Proverbs 8:1-4, 22-31 "Dancing with God"


        This first Sunday after the Festival of Pentecost, which we celebrated last week, is known in some religious circles as Trinity Sunday.  It is a day that churches may set aside to acknowledge the doctrine of the Trinity – God in three persons, blessed trinity (as the old hymn goes)….Father, Son, and Holy Ghost…Creator, Christ, and Holy Spirit. 
         Interestingly enough, the doctrine of the Trinity is not Biblical in origin.  There is no place in our Holy Scriptures that describes these three personifications of God in such closely interwoven terms.  In fact, the word “trinity” is never used in the Bible.
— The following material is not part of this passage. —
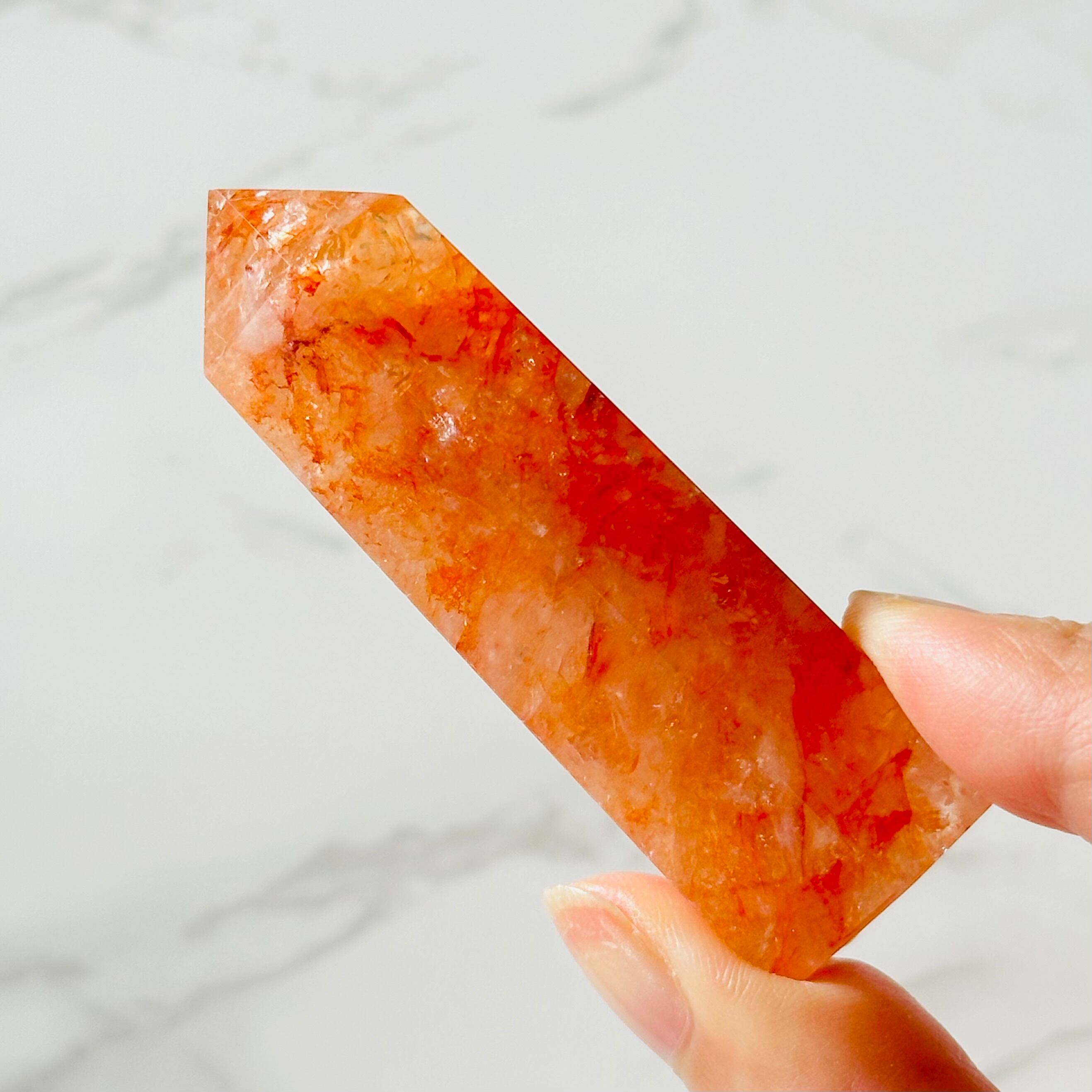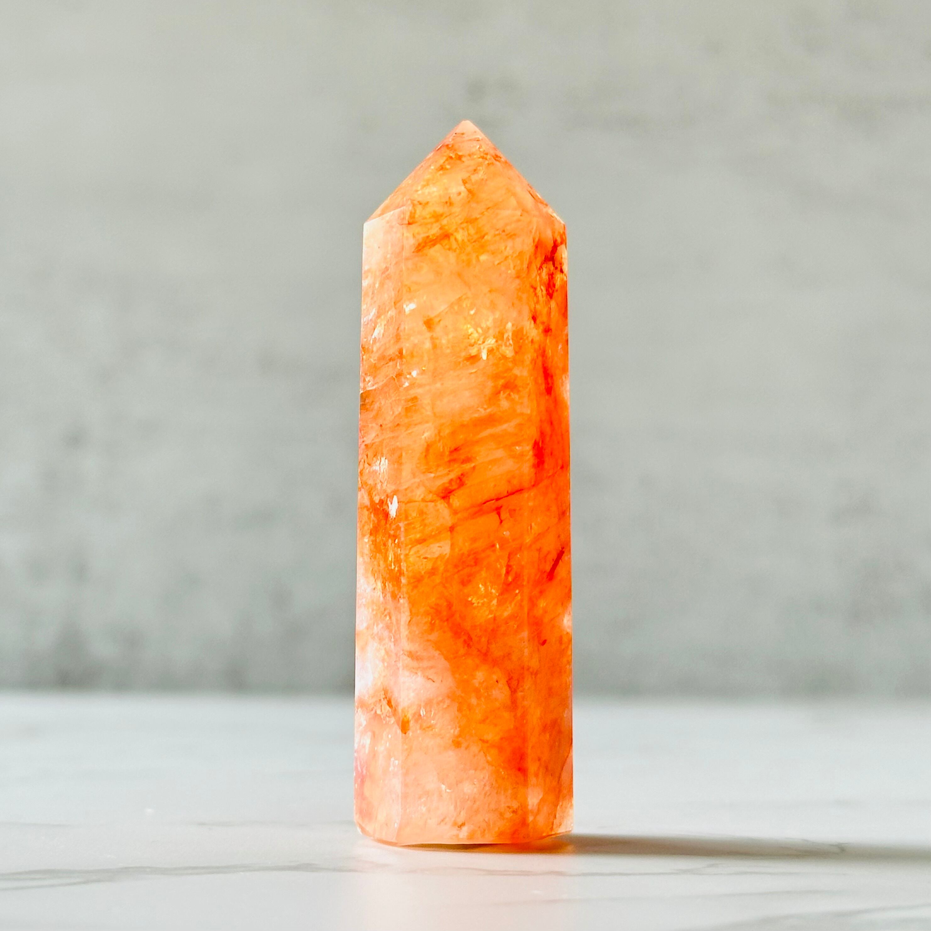 明るいオレンジ色が暖かなエネルギーを与えてくれるファイヤークォーツです。透明感のある美しいオレンジのタワーの至る所にキラキラとした虹やシルバーの輝きが見られます。

         However, through Old Testament stories, we are introduced to Yahweh, Elohim, the one God, the Creator.  Likewise, in the New Testament, we follow in the footsteps of Jesus and come to understand his unique relationship to God.  And finally, most dramatically in the story of Pentecost, but prominently in the Gospel of John as well, we become acquainted with the Holy Spirit.  However, it was not until the Council of Nicea in the 4th century that this notion of the three personages of God – the Godhead - was codified in the Nicene Creed as orthodox Christian doctrine.
         For most of us growing up in the church, the trinity was pretty much a done deal.  It was assumed that we believed in it – in the name of the Father, the Son, and the Holy Ghost – remember? 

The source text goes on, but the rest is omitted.